Task goal:
Write out the listing verbatim. No pictures belong in it.

_____

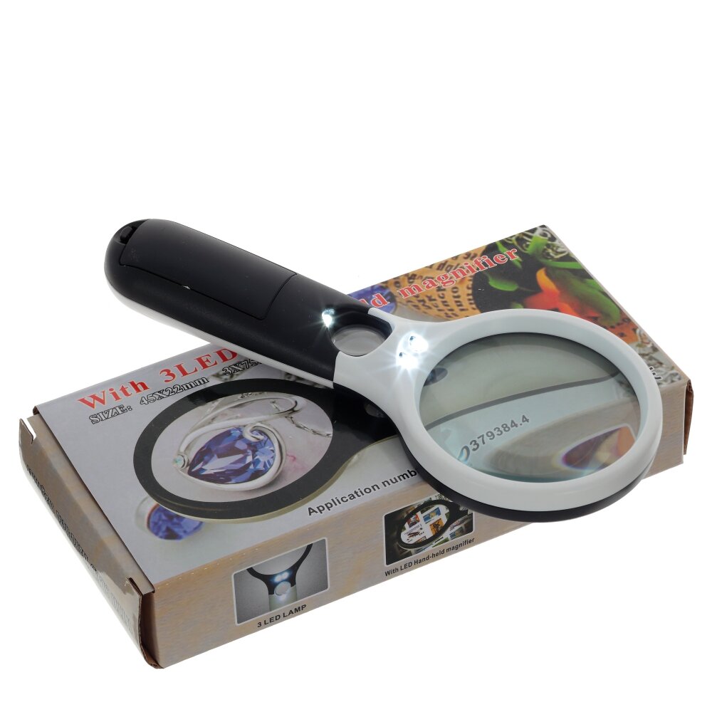 Лупа (D7 см/3-х кратн. увелич., D2 см/ 5-ти кратн. увелич, подсветка, 3xААА н/п), L8 W3 H19,5 см
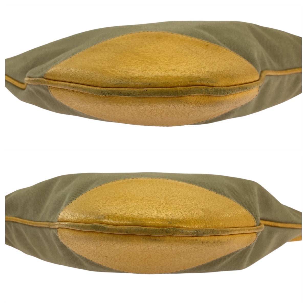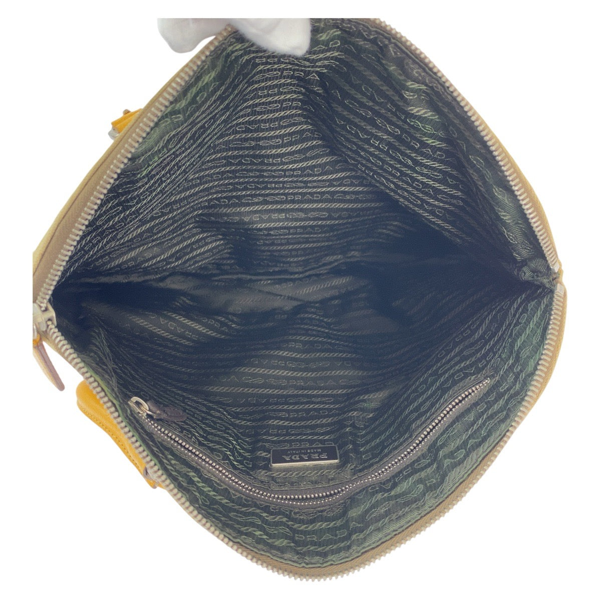 21526 PRADA プラダ 三角ロゴプレート ベージュ イエロー シルバー金具 キャンバス / レザー トートバッグ ハンドバッグ ショルダーバッグ レディース ABP25
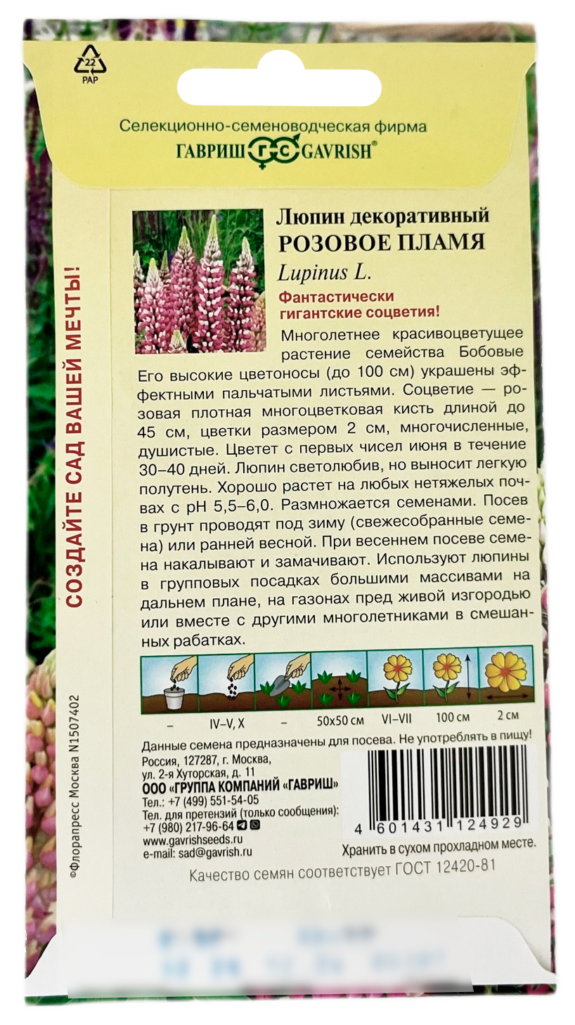 Люпин декоративный РОЗОВОЕ ПЛАМЯ ГАВРИШМноголетнее красивоцветущее растение семейства Бобовые Его высокие цветоносы (до 100 см) украшены эффектными пальчатыми листьями. Соцветие —розовая плотная многоцветковая кисть длиной до 45 см, цветки размером 2 см, многочисленные, душистые. Цветет с первых чисел июня в течение 30-40 дней. Люпин светолюбив, но выносит легкую полутень. Хорошо растет на любых нетяжелых почвах с рН 5,5-6,0. Размножается семенами. Посев в грунт проводят под зиму (свежесобранные семена) или ранней весной. При весеннем посеве семена накалывают и замачивают. Используют люпины в групповых посадках большими массивами на дальнем плане, на газонах пред живой изгородью или вместе с другими многолетниками в смешанных рабатках.
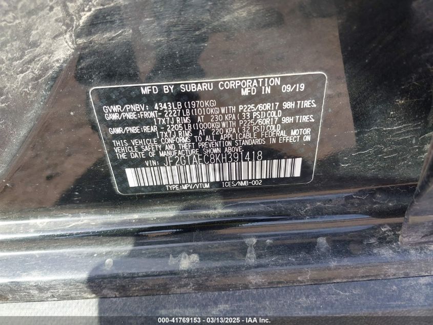 Color BlackCylinders 4Drive Full driveVIN JF2GTAEC8KH******State Run & Drive VerifiedDamage Front or back AutoRIA
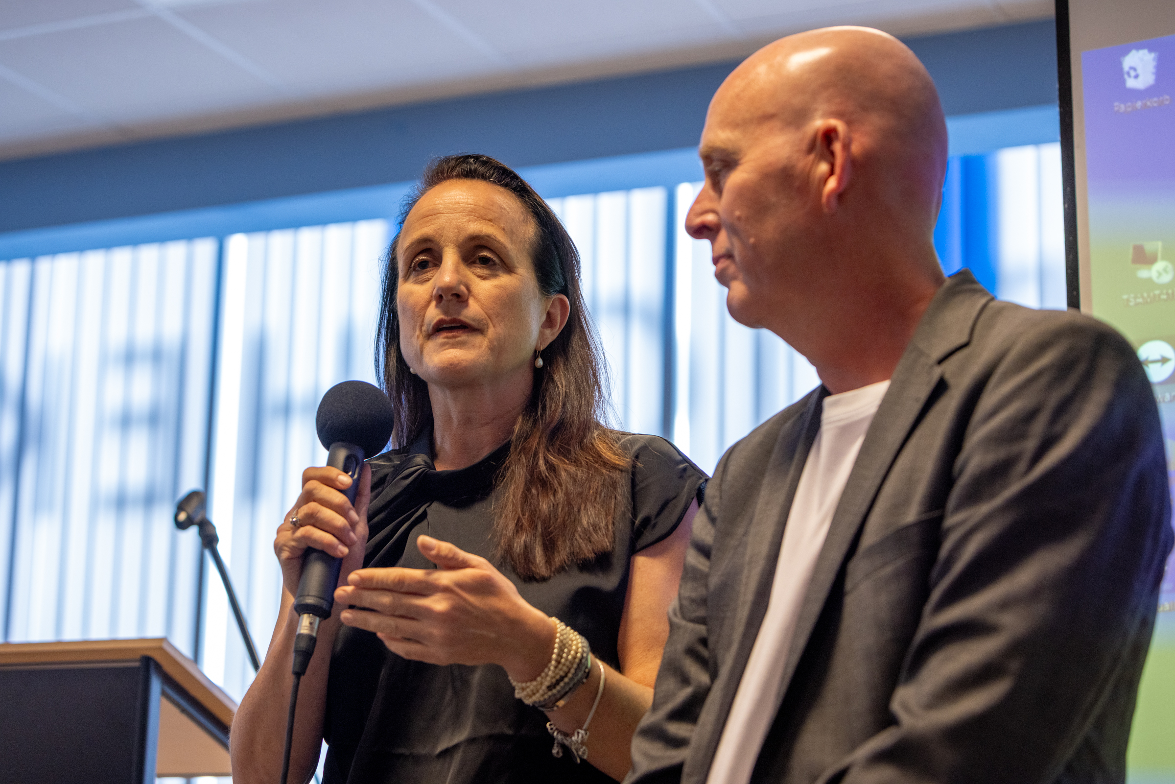 Prof. Dr. Sabine Doff, Autorin der Open Access-Publikation und Initiatorin des Projekts „Unlock the Future“, und Hanke Homburg, Geschäftsführer der Kommunikations- und Designagentur GfG / Gruppe für Gestaltung, die für die Entwicklung und Umsetzung der Ausstellung, der Website und aller Medien zuständig war.

_____

Solution to this problem:
 Лупа (D7 см/3-х кратн. увелич., D2 см/ 5-ти кратн. увелич, подсветка, 3xААА н/п), L8 W3 H19,5 см
 21526 PRADA プラダ 三角ロゴプレート ベージュ イエロー シルバー金具 キャンバス / レザー トートバッグ ハンドバッグ ショルダーバッグ レディース ABP25
 Люпин декоративный РОЗОВОЕ ПЛАМЯ ГАВРИШМноголетнее красивоцветущее растение семейства Бобовые Его высокие цветоносы (до 100 см) украшены эффектными пальчатыми листьями. Соцветие —розовая плотная многоцветковая кисть длиной до 45 см, цветки размером 2 см, многочисленные, душистые. Цветет с первых чисел июня в течение 30-40 дней. Люпин светолюбив, но выносит легкую полутень. Хорошо растет на любых нетяжелых почвах с рН 5,5-6,0. Размножается семенами. Посев в грунт проводят под зиму (свежесобранные семена) или ранней весной. При весеннем посеве семена накалывают и замачивают. Используют люпины в групповых посадках большими массивами на дальнем плане, на газонах пред живой изгородью или вместе с другими многолетниками в смешанных рабатках.
 Color BlackCylinders 4Drive Full driveVIN JF2GTAEC8KH******State Run & Drive VerifiedDamage Front or back AutoRIA
 Prof. Dr. Sabine Doff, Autorin der Open Access-Publikation und Initiatorin des Projekts „Unlock the Future“, und Hanke Homburg, Geschäftsführer der Kommunikations- und Designagentur GfG / Gruppe für Gestaltung, die für die Entwicklung und Umsetzung der Ausstellung, der Website und aller Medien zuständig war.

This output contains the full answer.